Clarification / Fix: Use tokens that survive topology changes, such as GTID sets or timeline-aware commit positions, and test them in failover drills rather than assuming the same comparison logic still works after promotion.
Advanced Connections
Connection 1: 10.md made the projection table cheap to read; this lesson decides when replica reads of that projection are actually trustworthy
Incremental maintenance can keep desk_issuer_exposure_mv correct on the primary while replica routing still makes the dashboard look stale. Derived-state maintenance and read freshness are separate contracts. Harbor Point needs both: the projection must be updated correctly, and the chosen read node must have replayed far enough to show the update.
Connection 2: 12.md extends the same freshness reasoning to global secondary indexes
A global secondary index is another structure maintained away from the base write path so that reads become cheaper later. Once Harbor Point spreads data across shards, the index may lag or update asynchronously.

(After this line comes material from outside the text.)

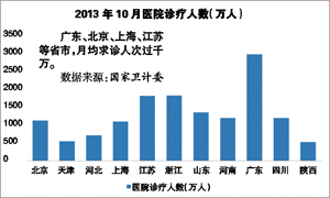 2013年12月9日,國家衛計委在其官網上發布了當年10月各省醫院和鄉鎮衛生院的統計數據。當月去醫院求醫的診療人數,廣東以2899.4萬人次居首,而排名第二的浙江,診療人數僅為1781.7萬人次,第一名和第二名之間竟拉開了1100萬人次的差距,幾乎“完爆”。而其他地區中,江蘇是1772.4萬人次,北京是1101.3萬人次,上海是1074.2萬人次。可見,在廣東醫院看病的人,幾乎是江蘇和上海兩地求診人數的總和。

The same question returns in a new form: what visibility proof is required before a lookup through that structure can be treated as current?
Resources
Optional Deepening Resources
- [DOC] PostgreSQL Monitoring Statistics
- Focus: Interpret replication positions such as sent, written, flushed, and replayed LSNs when diagnosing why a replica still serves stale reads.
- [DOC] MySQL Replication with GTIDs
- Focus: See how GTIDs provide a portable commit token for routing or waiting on session-sensitive reads.
- [DOC] MongoDB Causal Consistency
- Focus: Study a production API that exposes read-your-writes and monotonic reads as session guarantees rather than assuming every replica is equally current.
- [DOC] CockroachDB Follower Reads
- Focus: Compare explicit bounded-staleness reads with session-consistent or primary-only paths.
Key Insights
- A replica serves a position in history, not "the database in general" - Freshness depends on how far replay has advanced, not on the existence of a replica endpoint.
- Read-your-writes is enforced with proof, not optimism - Commit tokens let the router compare what a session needs against what a replica has already applied.
- Read scale improves when freshness classes are explicit - Primary-only, session-consistent, and bounded-stale paths each have a valid place, but only when the application names the contract clearly.